Les négociations entre le Sénégal et le Fonds monétaire international (FMI) sont dans l’impasse. Alors que l’institution financière internationale salue les efforts de transparence du nouveau régime, elle n’a toujours pas donné son feu vert à un nouveau programme de coopération, suspendant sa décision à la suite de l’affaire du « misreporting » — la mauvaise déclaration de certaines données financières par l’État.
Selon Me Amadou Aly Kane, avocat et observateur avisé de la vie publique, cette situation serait la conséquence directe d’une communication « désastreuse » du gouvernement, en particulier de celle du Premier ministre Ousmane Sonko, sur la question de la « dette cachée ».
Une parole de trop ?
Invité de l’émission Objection sur Sud FM, Me Kane estime que la sortie du Premier ministre, jugée trop brutale et mal calibrée, a provoqué un véritable séisme diplomatique et financier.

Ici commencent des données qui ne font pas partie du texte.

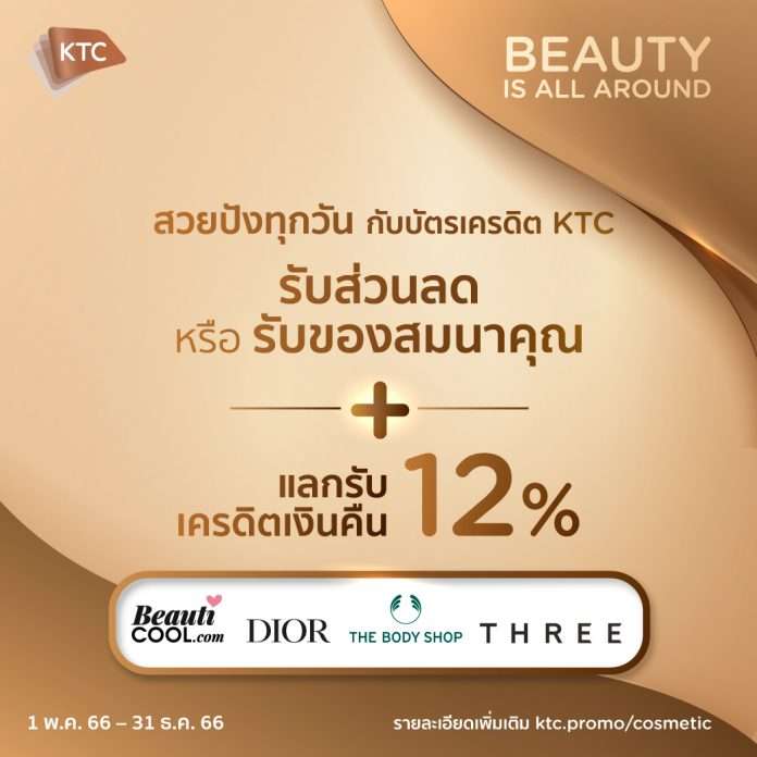 “เมื่อปัจจัยต่างๆ เอื้ออำนวยให้กลไกทางธุรกิจทุกอย่างกลับสู่สภาวะปกติ ผู้คนใช้ชีวิตได้อย่างอิสระและมีความสุขตาม ไลฟ์สไตล์ที่ชื่นชอบ เคทีซีจึงเห็นโอกาสในการทำตลาด โดยได้ร่วมกับ 4 พันธมิตรในหมวดเครื่องสำอางชั้นนำ ได้แก่ ดิออร์ บิวติ้คูล เดอะ บอดี้ ชอป และทรี เพื่อมอบสิทธิพิเศษให้กับสมาชิกได้ดูแลผิวสวย และแต่งแต้มสีสันที่บ่งบอกสไตล์ของตนเอง ดังนี้ ดิออร์ (Dior) รับลิปสติก (Addict Lip Maximizer 001 miniature) ขนาด 2 มล. เมื่อช้อปออนไลน์ผ่าน shop.dior.co.th ครบ 3,500 บาท ขึ้นไปต่อรายการ และใส่โค้ด “KTCDIOR” ตั้งแต่วันที่ 1 พฤษภาคม 2566 – 31 กรกฎาคม 2566 บิวติ้คูล (Beauticool) รับส่วนลดสูงสุด 250 บาท เมื่อช้อปออนไลน์ผ่าน www.beauticool.com ตั้งแต่วันที่ 1 พฤษภาคม 2566 – 31 ธันวาคม 2566 พิเศษสมาชิกใหม่บิวติ้คูล รับส่วนลด 150 บาท เมื่อช้อปครบ 1,500 บาทขึ้นไปต่อรายการ และใส่โค้ด “KTCBTC150” รับส่วนลด 100 บาท เมื่อช้อปครบ 1,100 บาทขึ้นไปต่อรายการ และใส่โค้ด “KTCBTC100” เดอะ บอดี้ ชอป (The Body Shop) รับส่วนลด 300 บาท เมื่อ ช้อปออนไลน์ผ่าน www.thebodyshop.co.th ครบ 2,000 บาท ขึ้นไปต่อรายการ และใส่โค้ด “TBSXKTC” ตั้งแต่วันที่ 1 พฤษภาคม 2566 – 31 กรกฎาคม 2566 ทรี (THREE) รับ Three Balancing Cleansing Oil N (ขนาด 10 มล. มูลค่า 250 บาท) เมื่อช้อปออนไลน์ผ่าน www.threecosmetics-th.com ไม่กำหนดยอดซื้อขั้นต่ำ และใส่โค้ด “KTCTHREE” ระหว่างวันที่ 1 พฤษภาคม 2566 – 31 กรกฎาคม 2566”

« Ce qui a plombé l’État du Sénégal, c’est la divulgation d’informations sensibles. La transparence, c’est une chose, mais les intérêts de l’État, c’en est une autre. Entre les deux, il y a une frontière », a-t-il déclaré.
Pour l’avocat, en rendant publiques certaines données financières internes, le gouvernement a rompu un équilibre fragile entre sincérité budgétaire et prudence stratégique. « Un État a ses secrets qu’on ne met pas sur la place publique », a-t-il insisté.

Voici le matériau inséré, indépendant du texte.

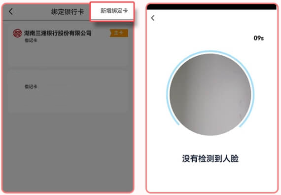 5.点击页面右上方“新增绑定卡”-完成人脸识别检测

Des conséquences économiques immédiates
Me Kane a rappelé que le FMI s’apprêtait à décaisser près de 1,8 milliard de dollars en faveur du Sénégal avant la polémique. Depuis les déclarations du Premier ministre, « le FMI a tout bloqué, les bailleurs ont suspendu leurs décaissements, et les agences de notation ont dégradé notre note à plusieurs reprises », souligne-t-il.
L’avocat compare cette situation à celle des révélations de Julian Assange et Edward Snowden, soulignant que même des informations exactes peuvent, si elles sont mal communiquées, nuire aux intérêts d’un État :
« Quand Assange et Snowden ont divulgué des secrets américains, les États-Unis ont considéré cela comme une atteinte à leurs intérêts fondamentaux. La diplomatie ne se fait pas sur la place publique. »

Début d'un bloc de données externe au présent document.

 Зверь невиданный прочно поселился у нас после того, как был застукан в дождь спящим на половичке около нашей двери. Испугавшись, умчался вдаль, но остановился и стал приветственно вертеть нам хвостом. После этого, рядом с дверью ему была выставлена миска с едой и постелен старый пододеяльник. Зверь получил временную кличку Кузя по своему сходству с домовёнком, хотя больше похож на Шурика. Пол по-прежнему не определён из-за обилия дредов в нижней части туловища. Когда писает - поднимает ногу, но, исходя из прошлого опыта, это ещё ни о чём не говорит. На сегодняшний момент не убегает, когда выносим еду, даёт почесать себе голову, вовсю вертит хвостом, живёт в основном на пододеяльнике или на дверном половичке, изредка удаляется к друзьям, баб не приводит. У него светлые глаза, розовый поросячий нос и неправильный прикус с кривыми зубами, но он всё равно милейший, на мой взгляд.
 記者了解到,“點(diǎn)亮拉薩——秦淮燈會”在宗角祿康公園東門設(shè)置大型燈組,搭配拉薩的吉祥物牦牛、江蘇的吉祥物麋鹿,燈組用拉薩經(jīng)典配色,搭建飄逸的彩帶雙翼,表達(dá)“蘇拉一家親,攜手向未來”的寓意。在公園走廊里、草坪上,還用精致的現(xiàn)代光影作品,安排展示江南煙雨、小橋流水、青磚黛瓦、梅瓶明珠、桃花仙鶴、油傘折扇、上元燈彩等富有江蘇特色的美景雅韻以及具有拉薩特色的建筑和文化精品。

Le Sénégal, seul pays à s’être auto-dénoncé
Me Kane regrette que le Sénégal ait choisi de s’auto-dénoncer publiquement sur le dossier de la dette, contrairement à d’autres nations dans la même situation :
« Les experts ont montré que les dettes hors bilan représentent près de 1 000 milliards de dollars dans 27 pays. Mais le Sénégal est le seul à avoir pris la parole pour l’admettre. »
Une démarche qui, selon lui, affaiblit la position du pays dans les négociations et jette le doute sur sa crédibilité auprès des institutions financières internationales.
Entre transparence et souveraineté
Le débat relancé par Me Kane illustre un dilemme de gouvernance : comment concilier transparence démocratique et protection des intérêts stratégiques de l’État ?
Alors que le gouvernement défend une politique de rupture et de reddition des comptes, certains analystes estiment qu’une communication plus diplomatique aurait permis de préserver la confiance des partenaires sans compromettre la volonté de transparence.
En attendant, le Sénégal reste suspendu à la décision du Conseil d’administration du FMI, qui devra trancher sur l’avenir de la coopération financière avec Dakar. Une décision qui s’annonce décisive pour la stabilité économique du pays.